*Exercise description*.
Repeat the records below exactly, from the first line through the line containing "ハンドルオーディオリモコン。", and leave out any pictures.

*Recorded data*.
- - -

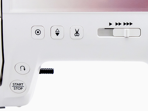Вы непременно оцените функцию шитья без педали, с помощью которой управление осуществляется лишь одним нажатием на соответствующую кнопку, нет необходимости использовать педаль. А регулировка скорости поможет лучше контролировать процесс шитья в зависимости от сложности работы. Увеличивайте ее при шитье длинных прямых строчек или снижайте при прохождении сложных участков.
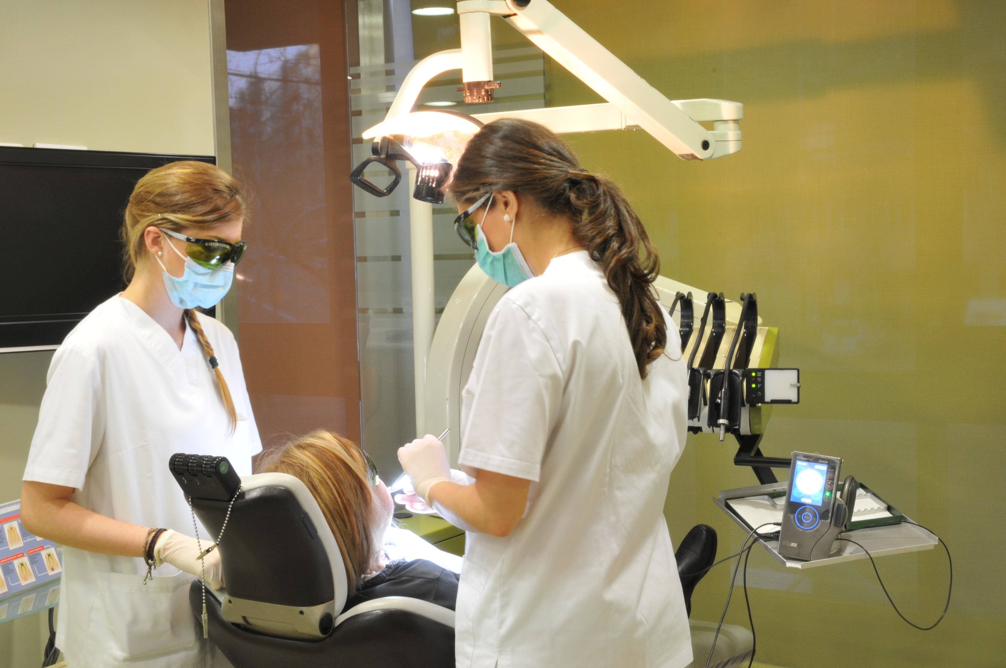 Imagen de otro gabinete, en este caso, durante un tratamiento dental con láser.
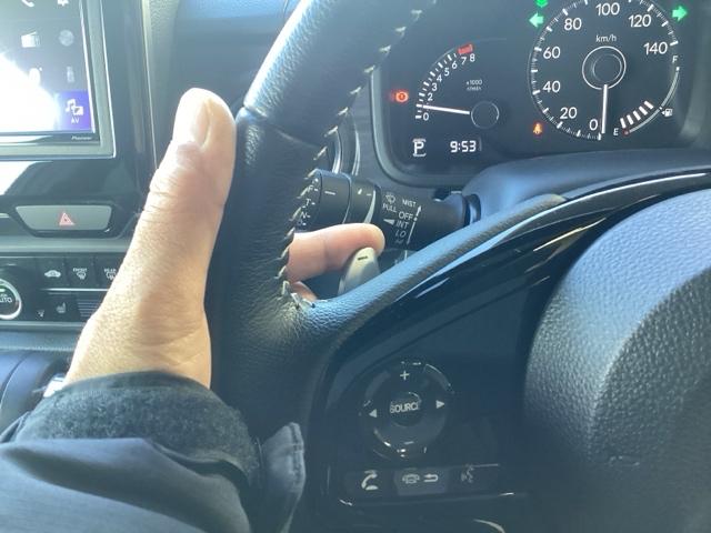 ハンドルオーディオリモコン。手元でオーディオの操作が可能です。走行中でもハンドルから手を離さずに操作ができて安心です。
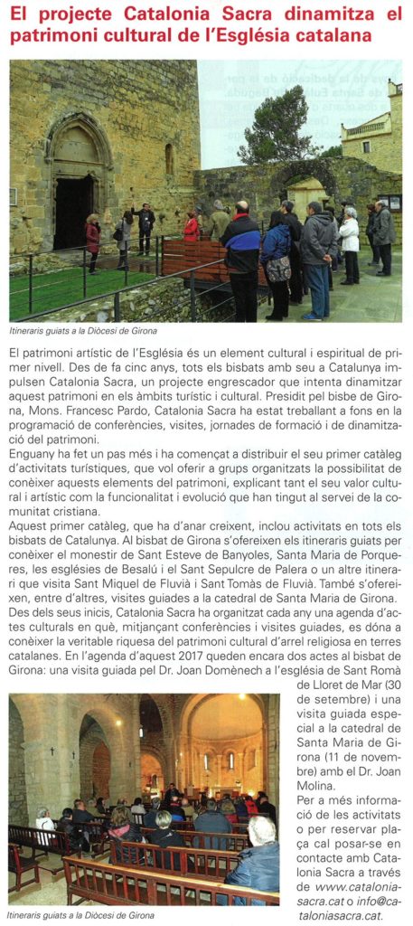 Notícia publicada al full parroquial de Girona en data 23 de juliol de 2017.
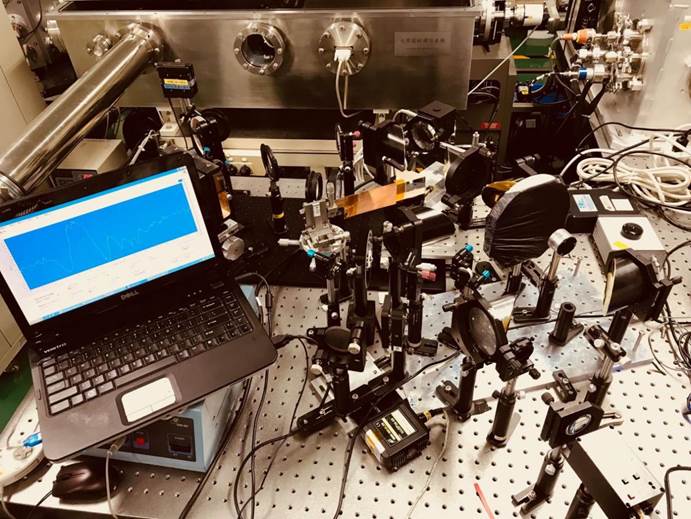 圖 通過啁啾脈沖展寬技術(shù)和光譜調(diào)制技術(shù)獲得0.2mJ, 4MV/cm的低頻高能強場太赫茲脈沖源及其實驗裝置照片

- - -

*Response area*.
Вы непременно оцените функцию шитья без педали, с помощью которой управление осуществляется лишь одним нажатием на соответствующую кнопку, нет необходимости использовать педаль. А регулировка скорости поможет лучше контролировать процесс шитья в зависимости от сложности работы. Увеличивайте ее при шитье длинных прямых строчек или снижайте при прохождении сложных участков.
 Imagen de otro gabinete, en este caso, durante un tratamiento dental con láser.
 ハンドルオーディオリモコン。手元でオーディオの操作が可能です。走行中でもハンドルから手を離さずに操作ができて安心です。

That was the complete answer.